### What this task involves:
Return the data that follows exactly as it appears. Pictures do not belong in the copy.

### Available data:

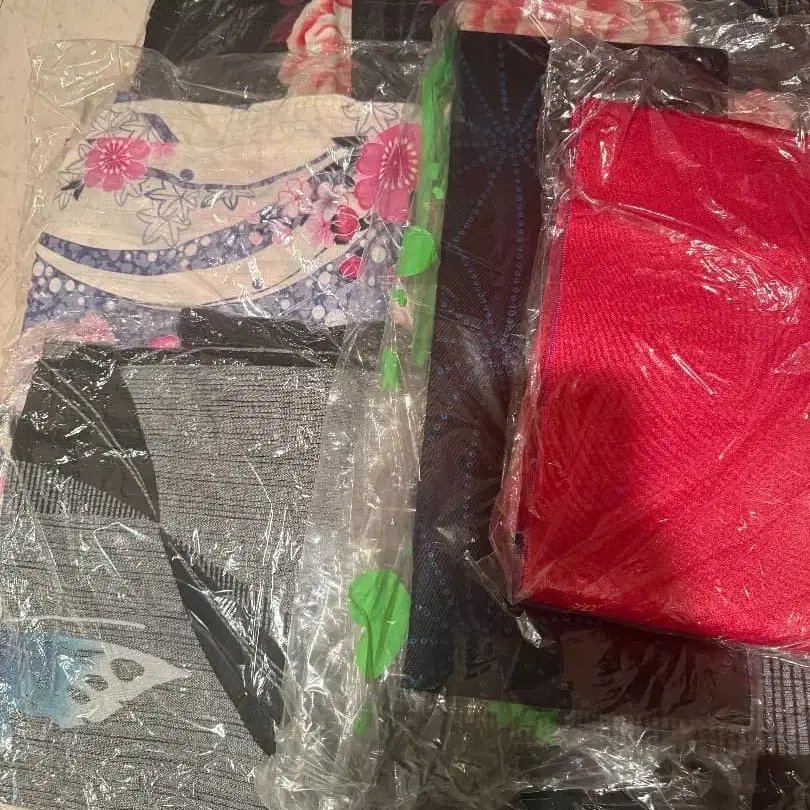 유카타 오비 세트 빨간색 블랙 꽃무늬
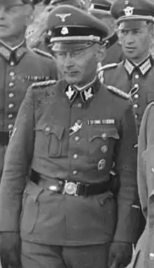 On the outbreak of the Second World War, Haltermann joined the German Army as a Leutnant in the reserves. He fought in the Polish campaign, was promoted to Oberleutnant in January 1940 and participated in the Battle of France. Following the invasion of Yugoslavia, he served with the army command in Belgrade until June 1941, and then participated in the German invasion of the Soviet Union. He was returned to SS and police duties at the request of Reichsführer-SS Heinrich Himmler in August 1941, and was appointed the first SS and Police Leader (SSPF) of Kiev on 1 October 1941.[3] During his tenure in Kiev, Einsatzgruppe C was active in perpetrating mass murder of Jews and other Ukrainians. Haltermann was subsequently named as a war criminal by a Soviet special commission set up to investigate German crimes and atrocities in Kiev.[4]
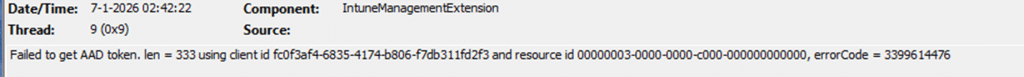 At that moment, the meaning of the error became clear. The sign-in block was not about the user. It was about the application identity IME depends on. If that identity cannot sign in, IME cannot function, regardless of how healthy the user account looks. With it, you will find the Failed to get AAD token and errorcode 3399614476.
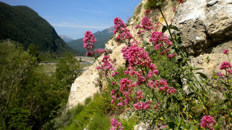 Fiume Secchia,zona dei Gessi.Tra i dirupi,su calcare e gesso.Abbarbicate alle pareti creano un bellissimo colpo d'occhio.Grazie.

### Final answer:
 유카타 오비 세트 빨간색 블랙 꽃무늬
 On the outbreak of the Second World War, Haltermann joined the German Army as a Leutnant in the reserves. He fought in the Polish campaign, was promoted to Oberleutnant in January 1940 and participated in the Battle of France. Following the invasion of Yugoslavia, he served with the army command in Belgrade until June 1941, and then participated in the German invasion of the Soviet Union. He was returned to SS and police duties at the request of Reichsführer-SS Heinrich Himmler in August 1941, and was appointed the first SS and Police Leader (SSPF) of Kiev on 1 October 1941.[3] During his tenure in Kiev, Einsatzgruppe C was active in perpetrating mass murder of Jews and other Ukrainians. Haltermann was subsequently named as a war criminal by a Soviet special commission set up to investigate German crimes and atrocities in Kiev.[4]
 At that moment, the meaning of the error became clear. The sign-in block was not about the user. It was about the application identity IME depends on. If that identity cannot sign in, IME cannot function, regardless of how healthy the user account looks. With it, you will find the Failed to get AAD token and errorcode 3399614476.
 Fiume Secchia,zona dei Gessi.Tra i dirupi,su calcare e gesso.Abbarbicate alle pareti creano un bellissimo colpo d'occhio.Grazie.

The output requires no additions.